I don't know if this is what you are referring to, but radiation is one of the biggest problems yet to be overcome.  The shielding needed to protect human life in space is massive, and it takes a lot of money to put mass into space.  The main thing that limits time an astronaut can spend on the space station is radiation exposure.




I was thinking of the minimum size a spacecraft would have to be to create a useful layer of 1g workspace through spinning. It would help nothing to have your toes exposed to 1 g while your arms float. To keep of the loading needed to maintain skeletal mass your entire body would have to be exposed to 1 g, not just your feet.

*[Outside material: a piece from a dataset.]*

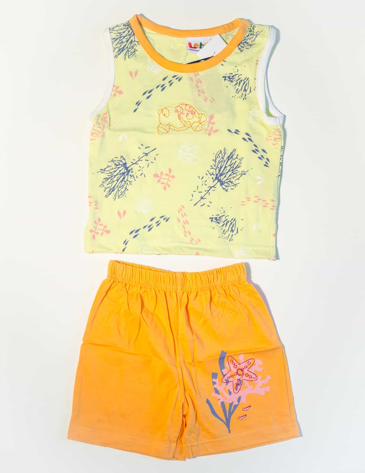 Bavlněný komplet krťasů a tílka, zdobený nášivkou a potiskem.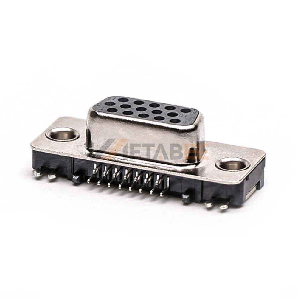This right-angle high-density D-Sub 15-pin female connector delivers maximum connectivity in minimal space. Engineered with a precision 2.29mm pitch. This compact spacing enables high-density signal transmission. Features 15 female signal contacts arranged efficiently in 3 rows. Its compact E-size shell defines the high-density standard. Designed for panel-mount PCB integration via through-hole soldering. The rear rivet nut ensures vibration-proof mating security. Contacts utilize stamped brass construction. Finished with nickel underplate. Its nickel-plated steel shell provides rugged corrosion resistance. Operates in temperatures from -25°C to +125°C. Rated for 250V and 5A current capacity. Ideal for space-constrained VGA and industrial applications demanding reliable high-density interconnects.

Standing in your spinning spacecraft your feet would be pressed against the outer wall, while your head would point toward the center of rotation. To have your head and feet exposed to similar gravity, your head would have to be rotating around a circle with nearly the same circumference as your feet. The rotational radius of the outer wall would have to be large enough that the radius 6 feet or so in from the outer wall was at least, say, 80% as large, which would be 30 feet. So the spacecraft would have to be at least 60' across, which is huge. Even so, you'd feel like you were in an amusement park ride: you would be aware of the rotation every time you stood up or sat down because part of your body would have change its acceleration to match its new position. To reduce this effect to a bearable level would require a much larger rotational radius. Our middle ear is so sensitive to this kind of thing that I Imagine that even the 1% gravitational gradient through the workspace that you'd have with a 1200' spacecraft would be enough to cause severe vertigo.